#### [Exercise instructions]
Please take the records that follow and repeat exactly the lines starting with the line with "위의 설명과 같이 구성된" and going on through the line with "Un model delicat".

#### [Recorded information]
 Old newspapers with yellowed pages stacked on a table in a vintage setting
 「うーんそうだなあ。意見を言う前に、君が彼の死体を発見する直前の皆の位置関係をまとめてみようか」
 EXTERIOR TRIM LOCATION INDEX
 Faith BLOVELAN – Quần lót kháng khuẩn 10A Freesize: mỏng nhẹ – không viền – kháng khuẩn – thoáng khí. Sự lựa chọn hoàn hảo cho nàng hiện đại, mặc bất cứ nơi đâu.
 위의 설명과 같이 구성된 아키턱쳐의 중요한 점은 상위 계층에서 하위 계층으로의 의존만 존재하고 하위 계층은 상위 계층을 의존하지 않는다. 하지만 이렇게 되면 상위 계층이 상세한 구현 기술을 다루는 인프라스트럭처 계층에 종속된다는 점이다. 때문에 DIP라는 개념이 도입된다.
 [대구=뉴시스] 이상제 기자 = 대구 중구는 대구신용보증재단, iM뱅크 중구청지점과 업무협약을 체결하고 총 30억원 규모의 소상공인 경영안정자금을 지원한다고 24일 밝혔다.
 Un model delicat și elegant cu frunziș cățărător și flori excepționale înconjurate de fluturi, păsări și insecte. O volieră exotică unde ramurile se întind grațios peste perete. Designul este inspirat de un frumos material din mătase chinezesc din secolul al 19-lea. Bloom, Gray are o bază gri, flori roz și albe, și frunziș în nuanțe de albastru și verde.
==
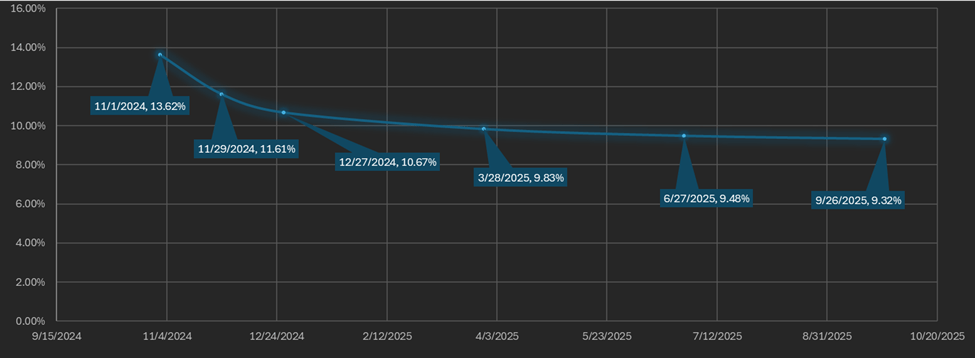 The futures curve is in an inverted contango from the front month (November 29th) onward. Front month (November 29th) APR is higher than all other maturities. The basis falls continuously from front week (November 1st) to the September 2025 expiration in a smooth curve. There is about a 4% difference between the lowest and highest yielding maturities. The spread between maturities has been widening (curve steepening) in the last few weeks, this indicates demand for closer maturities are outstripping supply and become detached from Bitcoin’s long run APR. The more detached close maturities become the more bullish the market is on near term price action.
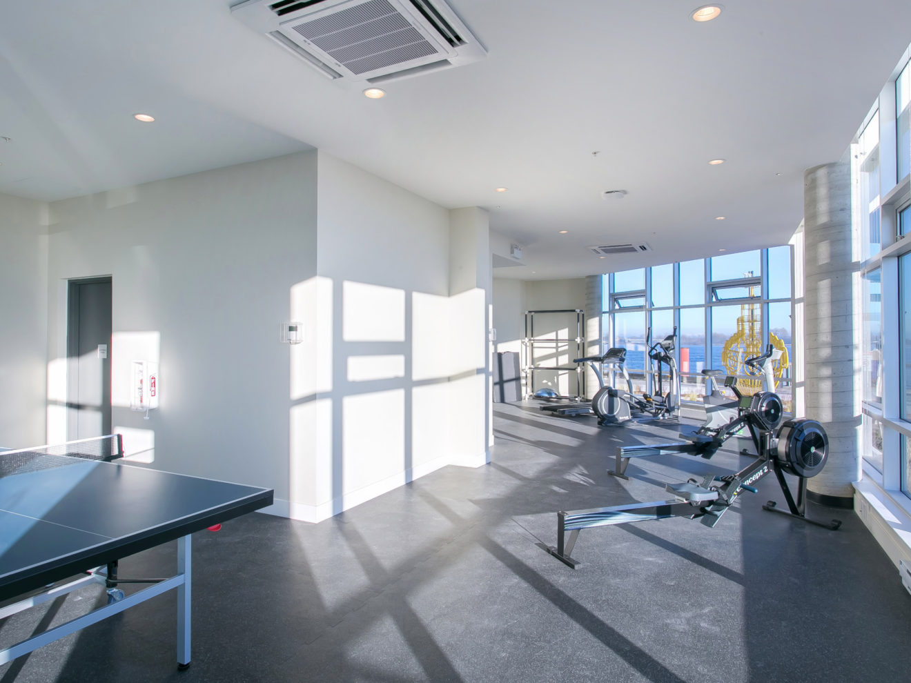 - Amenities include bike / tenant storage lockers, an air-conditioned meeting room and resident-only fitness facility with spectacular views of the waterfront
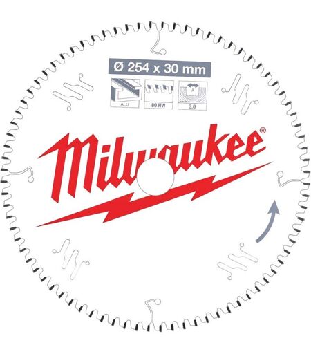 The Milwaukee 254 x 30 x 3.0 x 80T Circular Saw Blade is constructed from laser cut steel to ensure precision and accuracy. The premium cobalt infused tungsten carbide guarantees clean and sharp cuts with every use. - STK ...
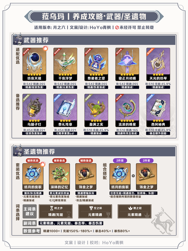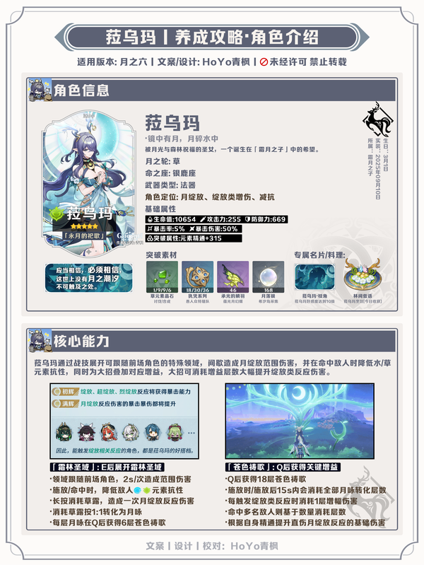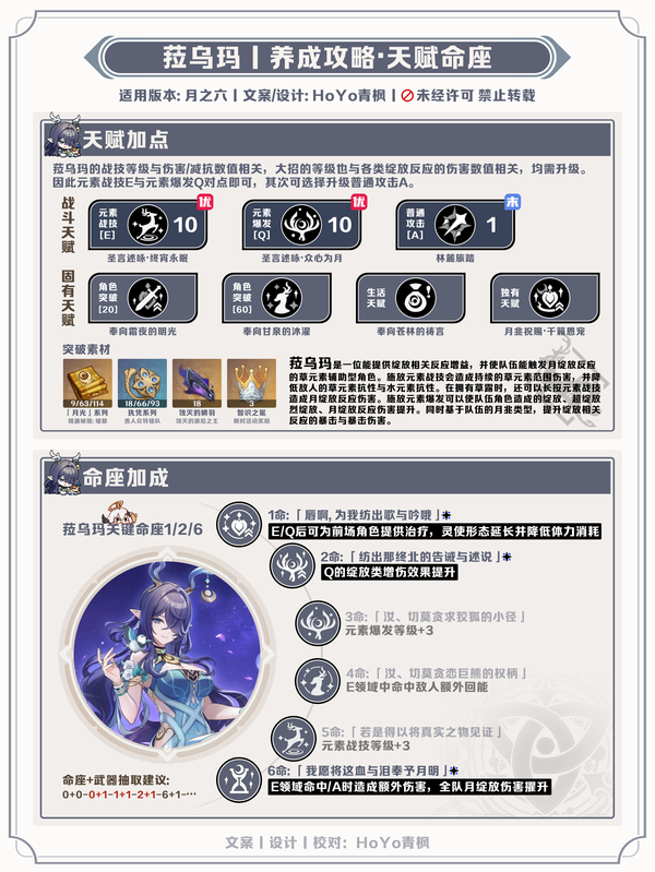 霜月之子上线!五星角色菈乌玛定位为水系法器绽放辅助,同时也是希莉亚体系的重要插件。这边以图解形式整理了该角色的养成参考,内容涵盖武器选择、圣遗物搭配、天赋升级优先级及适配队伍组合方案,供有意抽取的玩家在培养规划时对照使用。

#### [Response to this exercise]
 위의 설명과 같이 구성된 아키턱쳐의 중요한 점은 상위 계층에서 하위 계층으로의 의존만 존재하고 하위 계층은 상위 계층을 의존하지 않는다. 하지만 이렇게 되면 상위 계층이 상세한 구현 기술을 다루는 인프라스트럭처 계층에 종속된다는 점이다. 때문에 DIP라는 개념이 도입된다.
 [대구=뉴시스] 이상제 기자 = 대구 중구는 대구신용보증재단, iM뱅크 중구청지점과 업무협약을 체결하고 총 30억원 규모의 소상공인 경영안정자금을 지원한다고 24일 밝혔다.
 Un model delicat și elegant cu frunziș cățărător și flori excepționale înconjurate de fluturi, păsări și insecte. O volieră exotică unde ramurile se întind grațios peste perete. Designul este inspirat de un frumos material din mătase chinezesc din secolul al 19-lea. Bloom, Gray are o bază gri, flori roz și albe, și frunziș în nuanțe de albastru și verde.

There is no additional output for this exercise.